Reading Code is an Essential Skill

Press enter or click to view image in full size

Over the last couple of months I have spoken about “next generation software development” to audiences in Bangkok, Bangalore, and Tokyo. The goal of my talk is to show how our profession’s skill at tool building takes us from the simplest assemblers to today’s AI-powered coding assistants in a long, unbroken chain. The most common question that I get can be summarized as:

So what do we do to prepare for this new era?

After some thought I answered:

Learn to read code

While this took some people aback because it sounded too simple, I believe that it is an essential yet neglected skill. A quick search for advice to aspiring writers is to read a lot, and preferably in another genre that the one that you aspire to write in. So, why don’t we train developers to read code?

When an AI-powered coding assistant proposes some code, the developer must be able to read it, understand it, and make a decision as to its applicability and correctness.

Let me share some thoughts on the matter, mixed in with some personal experience…

Back to College

When I was in community college in the late 1970’s, I used to dumpster-dive in the Montgomery College Computer Science building for operating system “build” listings for the department’s IBM mainframe. Back in those days, changing the basic parameters of the operating system required a complete reassembly from source code, resulting in a stack of green bar paper 5 or 6 inches thick:

While my classmates were having a fun and carefree college experience I was poring over these listings in order to understand how the operating system worked and how to write better assembler code.

The Lions Book

In the early 1980’s I bought my copy of the C Programming Language and started to use Unix System 7 running on a PDP-11 while working at Contel Information Systems in Bethesda, Maryland. At some point one of my colleagues gave me a photocopy of the infamous Lions’ Commentary on the UNIX Operating System document, also known as the Lions Book.

Once again I spent my precious free time diving deep in order to understand the finer aspects of system initialization, task switching, memory management, and I/O handling.

Get Jeff Barr’s stories in your inbox

Join Medium for free to get updates from this writer.

Several years later, all of this time spent reading code and understanding systems at a deep level paid off when I was asked to run four copies of a single-user operating system on the same hardware (read IN/MSX: Running 4 Copies of an Operating System at Once for that story).

Learning to Read Code

I do not believe that our educational system does enough to teach this skill. Most of the time we are taught to start with an empty file and build from there. Imagine if the first weeks of a typical CS 101 curriculum were spent studying the “classics”, with students asked to figure out the principal organization of the project, the primary data structures, and the algorithms. They should also be instructed to pay attention to aesthetics — variable naming, indenting, commenting, and so forth.

The curriculum should also look at the project history over time, commit-by-commit in some cases, again with the goal of building understanding.

Rather than studying idealized pseudo-code, the classics should be battle-worn production programs that have been patched, maintained, enhanced over time by developers with varied levels of skill and familiarity with the code.

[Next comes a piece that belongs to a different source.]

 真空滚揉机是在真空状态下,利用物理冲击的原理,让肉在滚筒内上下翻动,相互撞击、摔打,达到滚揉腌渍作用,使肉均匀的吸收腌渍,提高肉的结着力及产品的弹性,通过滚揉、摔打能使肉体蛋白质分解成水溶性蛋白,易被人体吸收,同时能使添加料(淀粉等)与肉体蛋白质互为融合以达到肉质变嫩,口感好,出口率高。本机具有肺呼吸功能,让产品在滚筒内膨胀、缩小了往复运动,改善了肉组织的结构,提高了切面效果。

All of this reading would give students a better sense of what real-world production code looks like after it has spent some time out in the wild, scars and all!

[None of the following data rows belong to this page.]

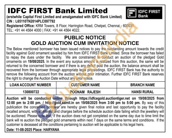 IDFC First Bank Ltd Gold Auctions Auction in Chennai
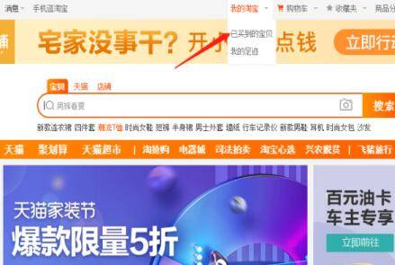 3、在打开的淘宝网中,点击“我的淘宝”“已买到的宝贝“选项。
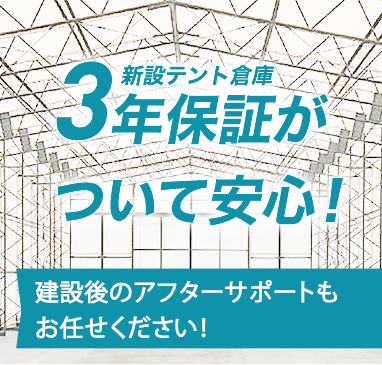 弊社にて建設させて頂いたテント倉庫は、3年間の保証がございます。

Only after doing a lot of reading would students be allowed to write their own code. With the help of great teachers & carefully chosen examples they would be better equipped to grow into highly capable developers.

Writing for Readability

As I was thinking about this post, I also thought about some efforts to write code in ways that would make it easier to read and to understand. Two (of many) came to mind right away: Hungarian Notation and Literate Programming.

Hungarian Notation

Invented by early Microsoft employee Charles Simonyi, Hungarian Notation attempts to encode the type or purpose of a variable in the first couple of letters of the name. For example the p prefix indicates a pointer, sz a string, w a word, and b a byte. This system was widely used (but definitely not widely liked) when I was at Microsoft 25+ years ago. I don’t know if it is still used for new code today or if it has fallen out of favor.

Literate Programming

Invented by living legend Don Knuth, first described in his 1983 paper (Literate Programming), and fully laid out in his Literate Programming book in 1992, this system and methodology aims to consider programs as works of literature. As he writes in the paper:

Let us change our traditional attitude to the construction of programs: Instead of imagining that our main task is to instruct a computer what to do, let us concentrate rather on explaining to human beings what we want a computer to do.

Press enter or click to view image in full size

TeX: The Program

Despite the appeal and the expectation that literate code is easier to read and hence a better teaching tool, it has never become mainstream. However, I do wonder if the detailed natural-language explanations found in literate code make it ideal fodder for the training data that is used to create the LLMs that power today’s coding assistants.

Learn to Read Code

My hope is that you will spend more time reading code, that it will make you a better developer, and that it will empower you to get even more value from your favorite AI-powered coding assistant. Let me know how that goes!